= Dataset entries =
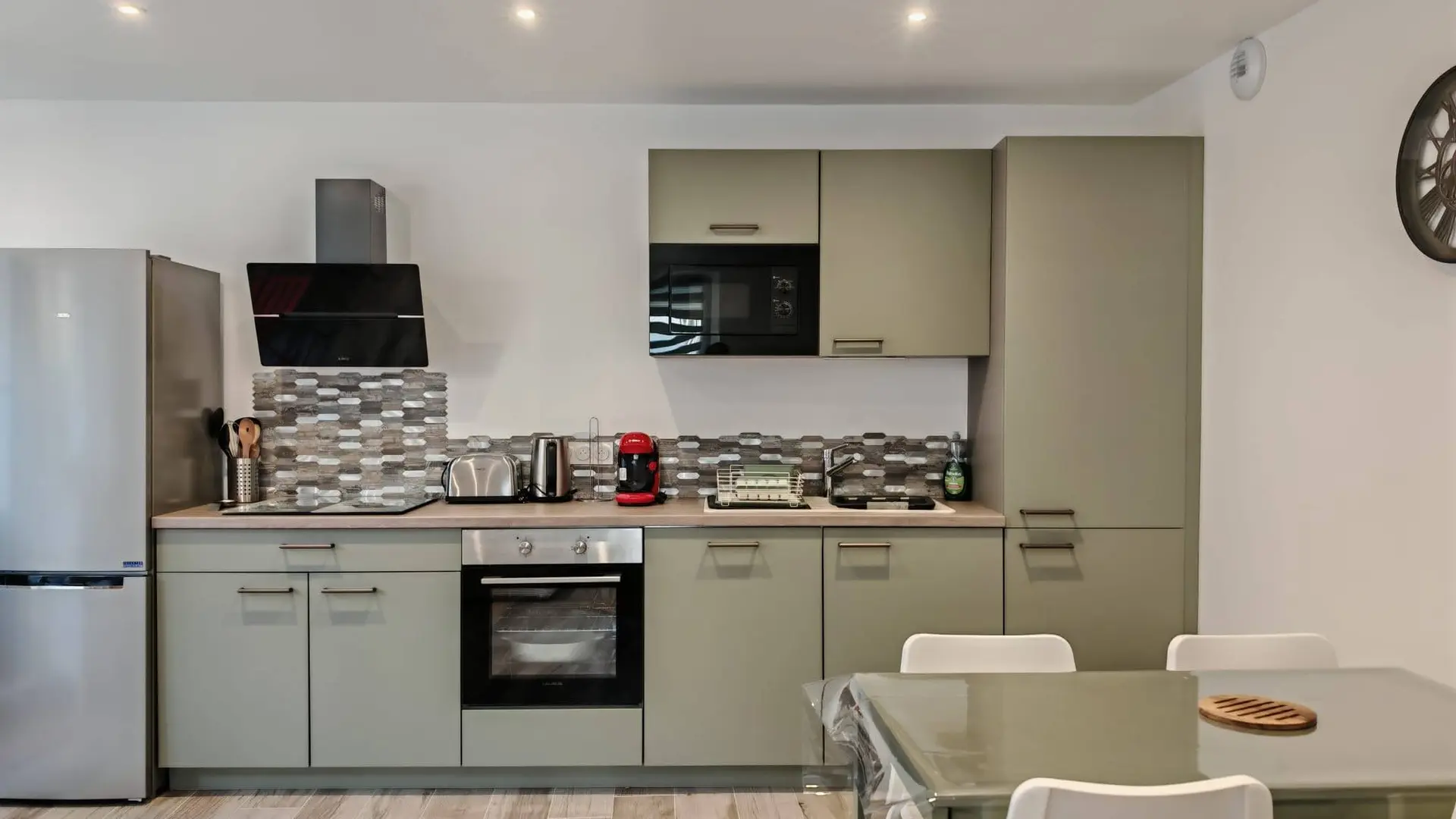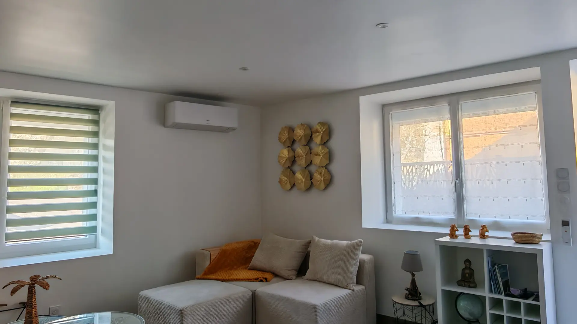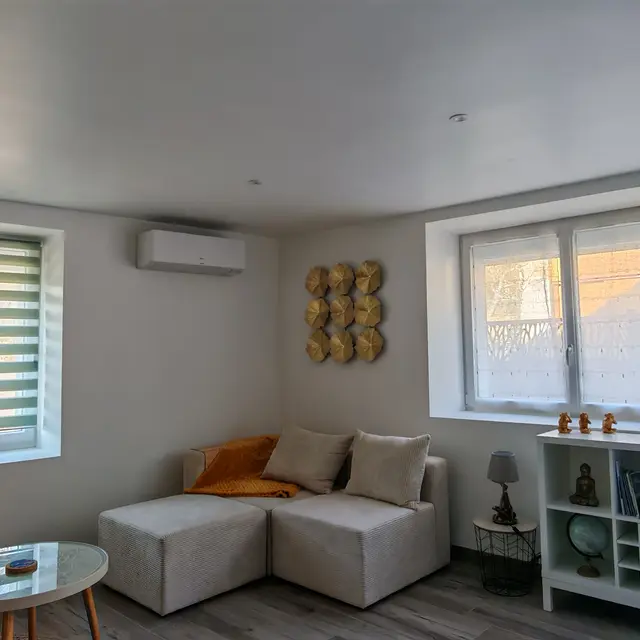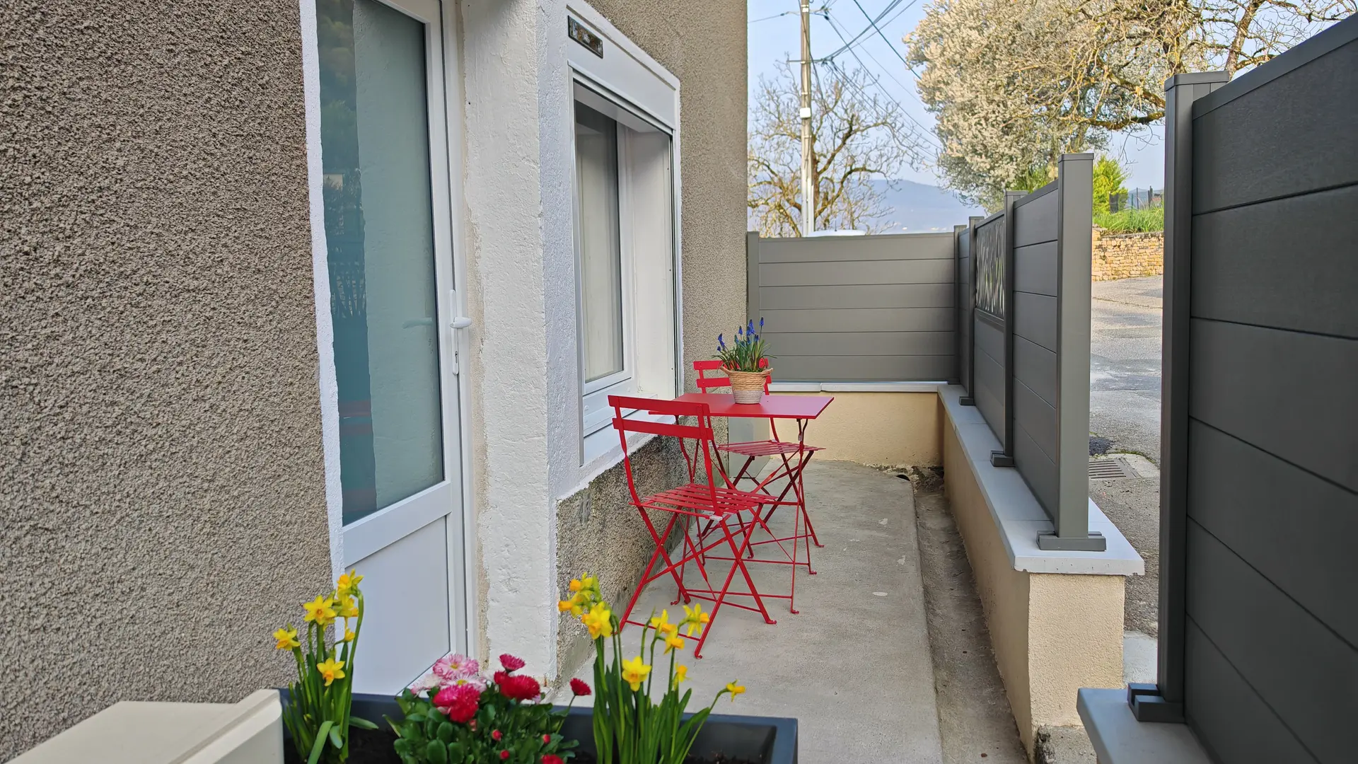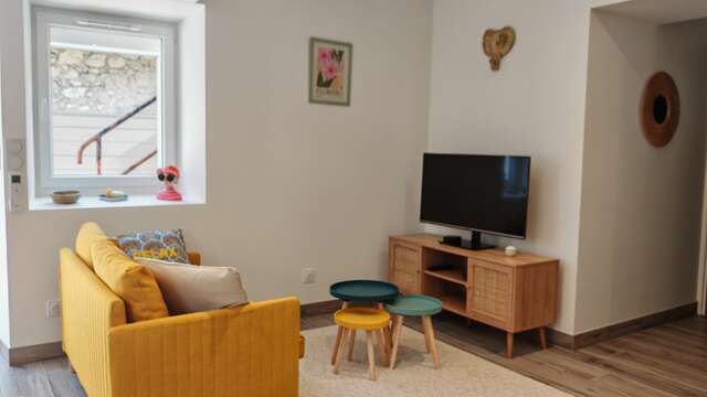 Au pied du Grand Colombier, dans un cadre paisible, nous vous proposons un appartement pour 2 personnes en rez de chaussée qui se compose, d'une cuisine entièrement équipée ouverte sur le salon, un WC indépendant, une chambre avec sa salle d'eau privative.
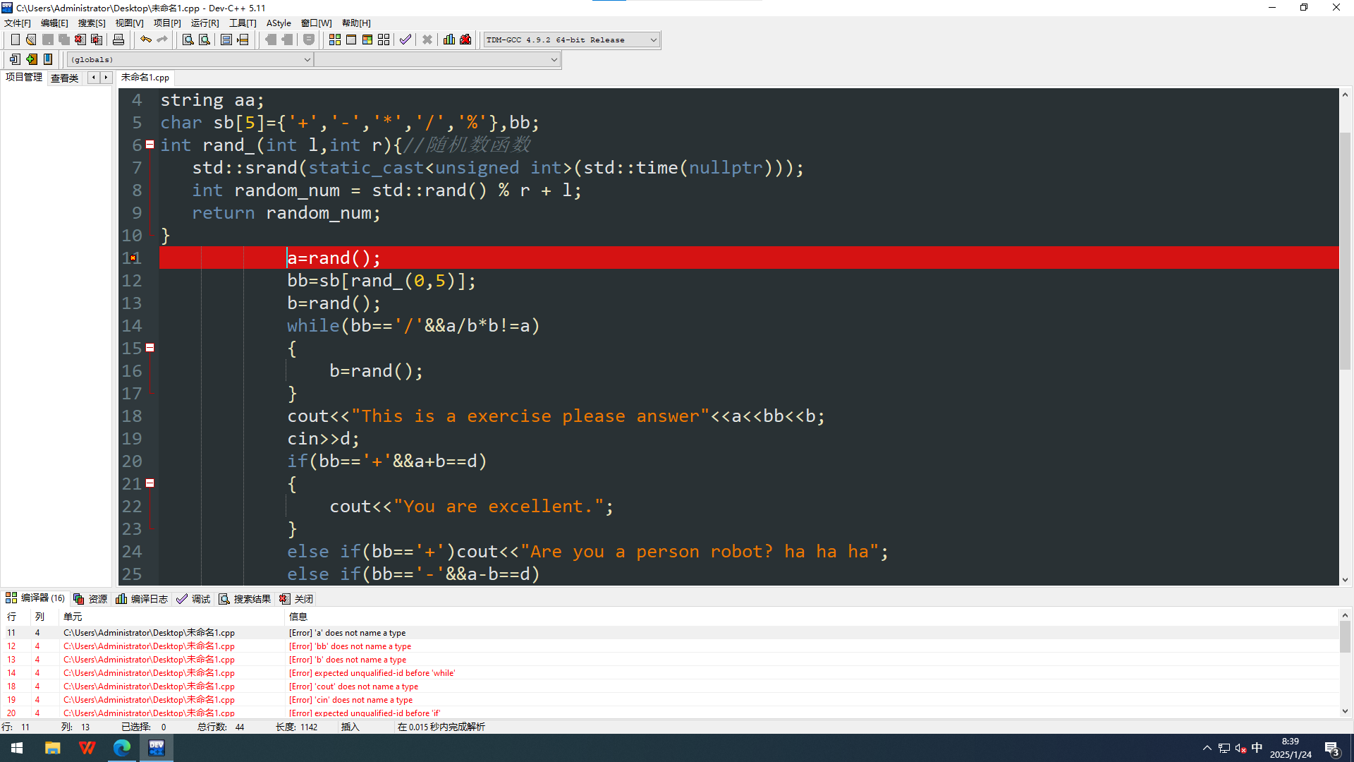 #include"njx.cpp" long long a,b,c,d; string aa; char sb[5]={'+','-','*','/','%'},bb; int rand_(int l,int r){//随机数函数 std::srand(static_cast<unsigned int>(std::time(nullptr))); int random_num = std::rand() % r + l; return random_num; } void answer(bool lan){ a=rand(); bb=sb[rand_(0,5)]; b=rand(); while(bb=='/'&&a/b*b!=a) { b=rand(); } if(lan==0)cout<<"This is a exercise please answer"<<endl<<a<<bb<<b; else cout << "这是一个练习,请回答"<<endl<<a<<bb<<b; cin>>d; string y[2]={"You are excellent.","你太棒了。"}; string h[2]={"Are you a person robot? ha ha ha","您是人机吗?哈哈哈"}; if(bb=='+'&&a+b==d) { cout<<y[lan]; } else if(bb=='+')cout<<h[lan]; else if(bb=='-'&&a-b==d) { cout<<y[lan]; } else if(bb=='-') cout<<h[lan]; else if(bb=='*'&&a*b==d) { cout<<y[lan]; } else if(bb=='*') cout<<h[lan]; else if(bb=='/'&&a/b==d) { cout<<y[lan]; } else if(bb=='/') cout<<h[lan]; else if(bb=='%'&&a%b==d) { cout<<y[lan]; } else if(bb=='%') cout<<h[lan]; Sleep(2000); } -
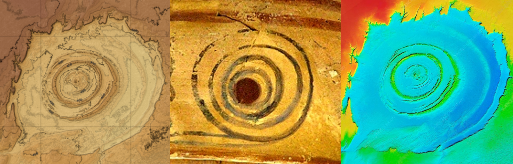 For any comparison between the pottery and the geographic site of the Richat structure (as a claimed City of Atlantis) to be feasible there are several features that must be present in both. The first is a central offset region to represent a city centre, and this is present in both, although more prominent in the pottery. The second is the requirement from Plato that there would be three rings of water and two rings of land. This certainly appears present in the Richat structure, and although there are four rings in the pottery, it is perhaps not so clear what they might represent. But if such a city did exist, and the memory of it was passed down over time, could perhaps it have been preserved in the legacy of the Minoan pottery and other cultures?
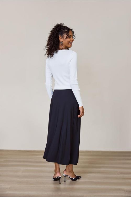 De Chloe skirt: een vloeiende beweging van exclusieve eenvoud, ontworpen voor de moderne vrouw.
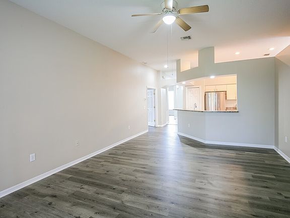 Some images have been virtually staged to help showcase the potential of spaces in the home. The furnishings shown are for illustrative purposes only and are not included in the home. This stunning four-bedroom, two-bathroom rental home located in Land O' Lakes, Florida offers future tenants many convenient amenities. You'll score a screened-in sunroom, an attached garage, a fenced-in yard, and an office. Partake in tasty home cooking by taking advantage of the eat-in kitchen's stainless steel appliances. Additionally, you'll receive great storage options in the form of a generous pantry and numerous cabinets. Find your personal oasis in the spacious main bedroom equipped with dual vanity sinks, a walk-in shower, an oversized bathtub, and a huge walk-in closet. While you eat, take in the dining room's gorgeous features such as the vinyl plank flooring, crystal-clear sliding glass doors, and a charming ceiling fan. Book a tour today to get up close to this delightful rental home.
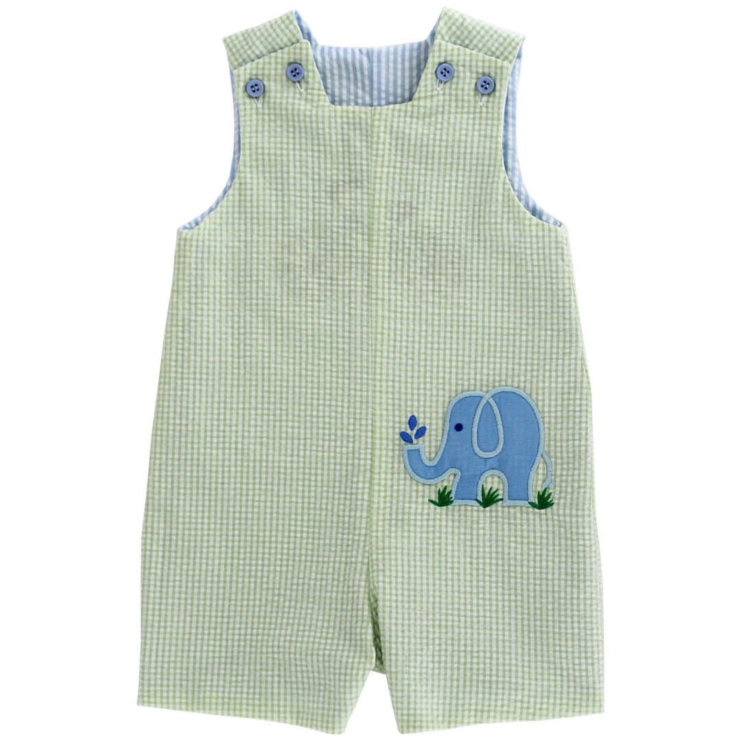 - Side one features a playful elephant motif in classic seersucker
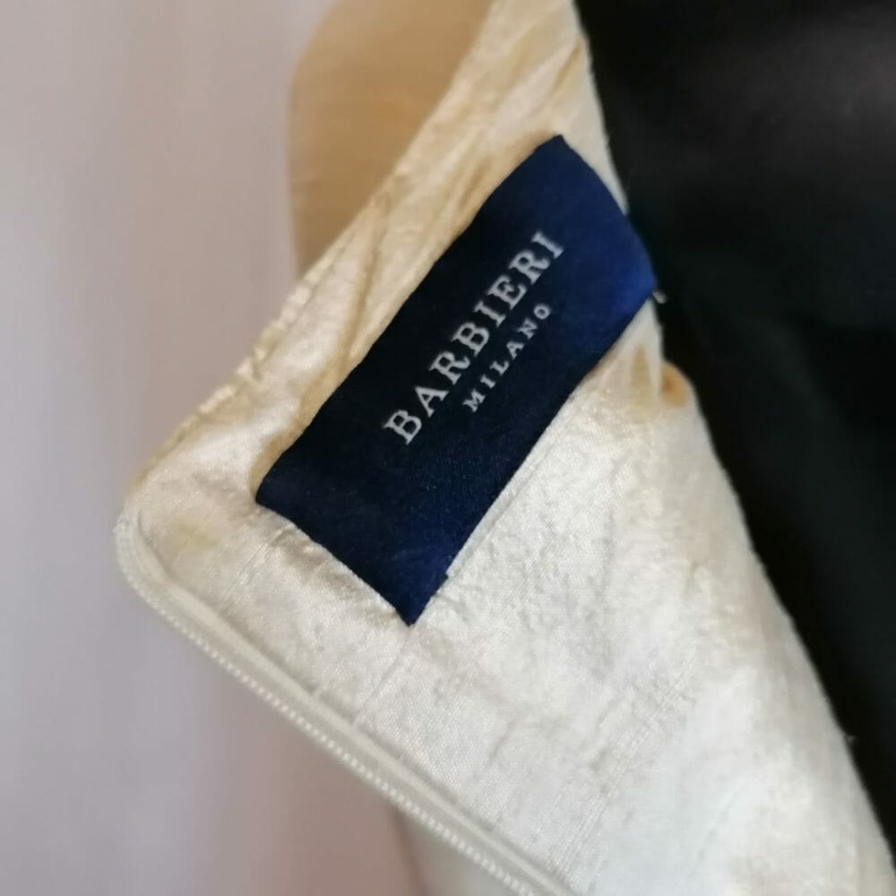 Bellissimo ed elegante questo abito della sartoria Barbieri Milano. Realizzato in seta, è un modello semplice e di grande impatto. Coniuga una certa austerità delle linea ad un tono champagne che grazie alla texture del tessuto assume una parvenza dorata
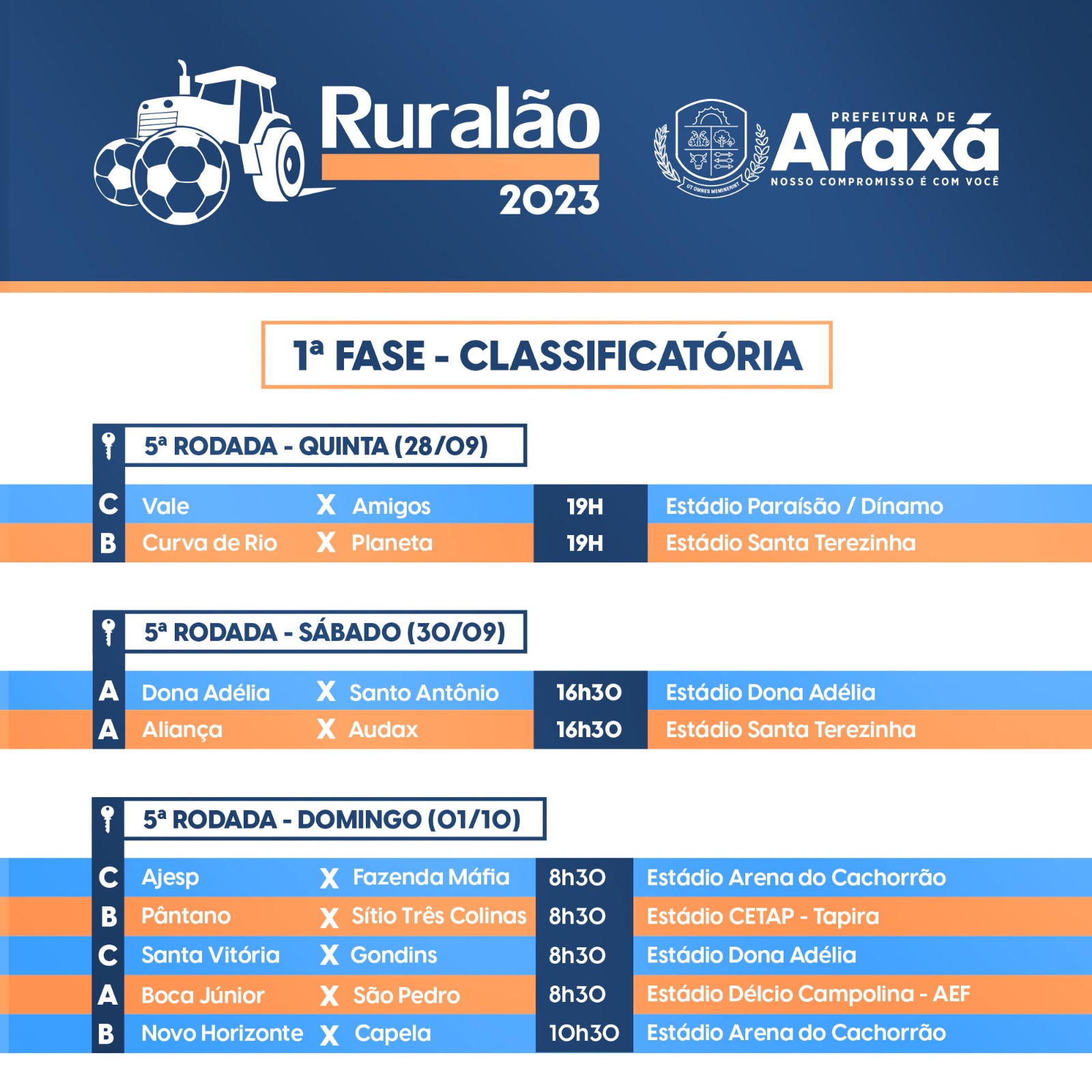 A 5ª rodada do 30º Campeonato Ruralão terá início com duas partidas nesta quinta-feira (28). Curva de Rio e Grêmio Planeta entram em campo, às 19h, no Campo Santa Terezinha. No mesmo horário, Vale E.C e Amigos também se enfrentam, no Campo Paraisão (Dínamo). Os demais jogos acontecem no sábado (30) e domingo (1°).

= Instructions to follow =
Take the line with "Some images have" as the first line and the last line of the records above as the final one; reproduce exactly the lines between them, both included, without pictures.

= Answer section =
 Some images have been virtually staged to help showcase the potential of spaces in the home. The furnishings shown are for illustrative purposes only and are not included in the home. This stunning four-bedroom, two-bathroom rental home located in Land O' Lakes, Florida offers future tenants many convenient amenities. You'll score a screened-in sunroom, an attached garage, a fenced-in yard, and an office. Partake in tasty home cooking by taking advantage of the eat-in kitchen's stainless steel appliances. Additionally, you'll receive great storage options in the form of a generous pantry and numerous cabinets. Find your personal oasis in the spacious main bedroom equipped with dual vanity sinks, a walk-in shower, an oversized bathtub, and a huge walk-in closet. While you eat, take in the dining room's gorgeous features such as the vinyl plank flooring, crystal-clear sliding glass doors, and a charming ceiling fan. Book a tour today to get up close to this delightful rental home.
 - Side one features a playful elephant motif in classic seersucker
 Bellissimo ed elegante questo abito della sartoria Barbieri Milano. Realizzato in seta, è un modello semplice e di grande impatto. Coniuga una certa austerità delle linea ad un tono champagne che grazie alla texture del tessuto assume una parvenza dorata
 A 5ª rodada do 30º Campeonato Ruralão terá início com duas partidas nesta quinta-feira (28). Curva de Rio e Grêmio Planeta entram em campo, às 19h, no Campo Santa Terezinha. No mesmo horário, Vale E.C e Amigos também se enfrentam, no Campo Paraisão (Dínamo). Os demais jogos acontecem no sábado (30) e domingo (1°).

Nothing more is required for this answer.